It’s hard for publishers to go to clients — who are paying them — and say, “Let’s not put 50 ad calls in a creative just to collect audience data,” said Dicker. But ad blocking is “pushing us to think differently about how we create products,” he said. At Washington Post, the CMS, called Arc, incorporates technologies, for example. So unlike other content management systems that have to live within a closed tech circuit, the Post can have different technologies communicate. And these can be ad products sold to other publishers, too. “I don’t believe we should be relying on third-party tech to deliver quality.”
Arc is a growing revenue stream.
Publishers are loathe to ditch their CMS, which is fair. But Dicker said that the Post’s products don’t force them to. “We’re not saying you have to ditch [your stack],” he said. “We can be a bridge. What differentiates us is we sympathize and understand that chain of technologies publishers are using.” And the Post’s operation itself can be a proof point. “With ad blocking and distributed channels, we need to experiment with different capabilities we can go out there and bring to market,” he said.
Dicker thinks this is an opportunity to move the industry forward.

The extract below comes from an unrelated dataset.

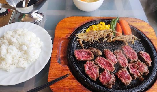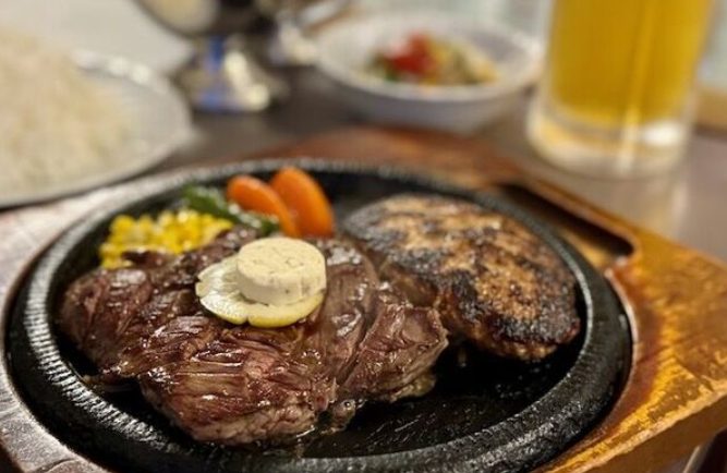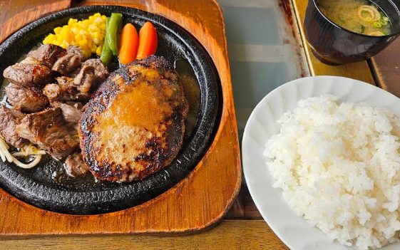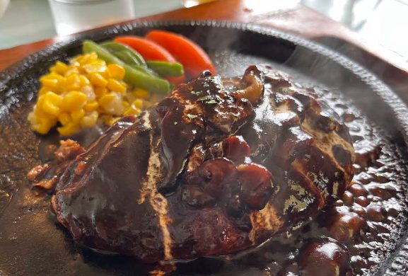 目の前に広がる絶景と、ビーフ100%のふわふわジューシーな手作りハンバーグ。熱々の鉄板で提供されるランチは、味もボリュームも大満足。思わずまた来たくなるおいしさです!

Ultimately, the issues are ones platform behemoths like Facebook and Google have to solve. When the Post launched on Progressive Web Apps, content loaded in 80 milliseconds. Ads took four to five seconds. That gap allows the fraud and viewability issues to click in. “It’s fun to solve this,” said Dicker, who acknowledged that this is ultimately a problem for Google to fix. “But the opportunity to be at the forefront of this change is great.”